Objectives: This retrospective chart review study seeks to describe the clinical and psychosocial characteristics of pregnant and postpartum women presenting for psychiatric treatment, in order to better understand this population and assist in the development of treatment options.

Methods: Participants are pregnant and postpartum women who received psychiatric services at two treatment locations affiliated with Brown University School of Medicine. In addition to the Edinburgh Postnatal Depression Scale collected at intake, 2 reviewers used a Case Record Form to record relevant data regarding demographics, clinical diagnoses, psychiatric history, treatment administered, and discharge information.

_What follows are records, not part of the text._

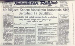 Surat Kabar Kedaulatan Rakyat edisi 8 November 1945 menampilkan headline dengan judul “60 Miljoen Kaoem Moeslimin Indonesia Siap Berjihad Fi Sabilillah. Perang didjalan Allah oentoek menentang tiap-tiap pendjadjahan”.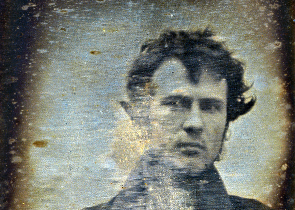 In 1839, Robert Cornelius created the first ever self-portrait. In November 1839, Robert Cornelius ran into the frame and sat still for five minutes before running back and replacing the lens cap. In doing so, he had created what is believed to be the first photographic self-portrait.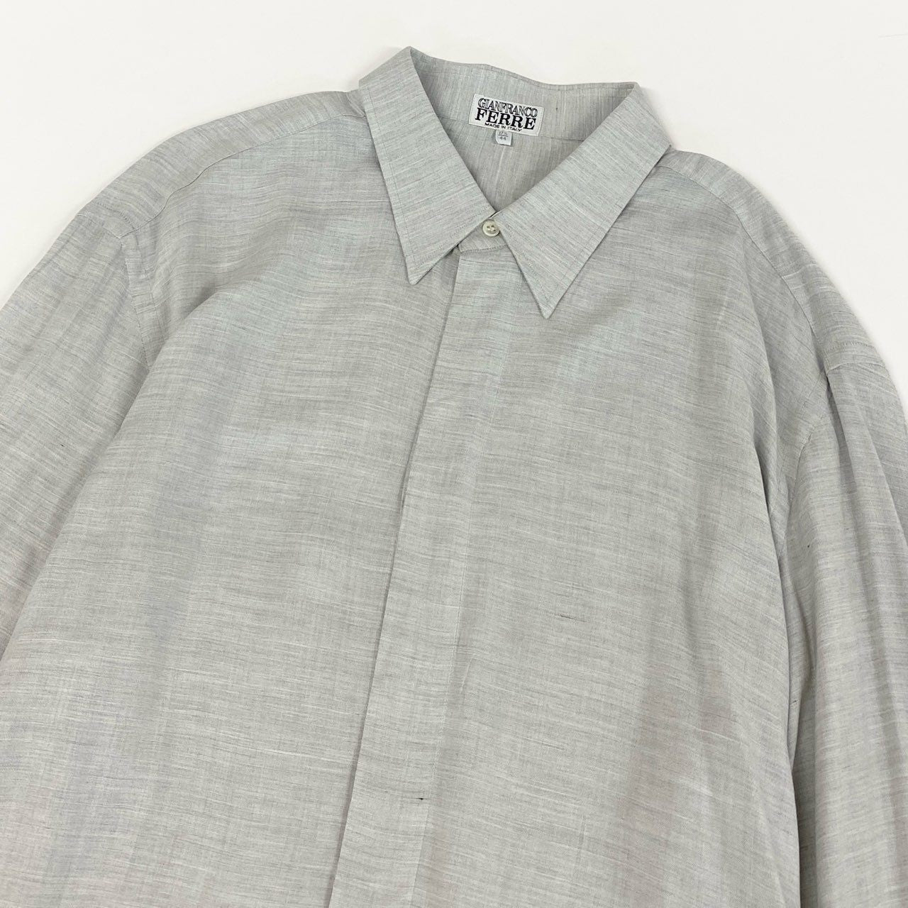 31i8 イタリア製 GIANFRANCO FERRE ジャンフランコフェレ レーヨンシャツ 長袖シャツ オーバーサイズ テロテロ生地 44 ライトグレー レーヨン 90s~00s old vintageu02t

Results: Approximately 500 records will ultimately be reviewed. Based on our existing sample, the majority of women seeking psychiatric services during pregnancy and postpartum (over 80%) were diagnosed with Major Depressive Disorder. Roughly 1/3 also carry a co-morbid Axis I diagnosis, typically substance abuse or an anxiety disorder. Many reported a prior history of mental health and/or substance abuse problems; however, for about 30% of these women, this is their first contact with the mental health system. Consistent with prior research, this study found that family problems are very common among childbearing women seeking psychiatric services. Three-fourths of women reported problems in their current family system, most commonly lack of emotional and instrumental support from the partner. Although many women (74%) were open to pharmacologic treatment, a sizable percentage of pregnant women and postpartum breastfeeding women are not comfortable taking medications.

Preliminary conclusions and treatment implications: Current family problems should be carefully assessed and, when appropriate, targeted during treatment. Axis I disorders often co-morbid with MDD, such as substance abuse and anxiety, should also be carefully assessed and treated. Because many pregnant and breastfeeding women are reluctant to use pharmacologic treatments, a wider range of empirically-supported psychosocial treatments should be developed and made available for this population.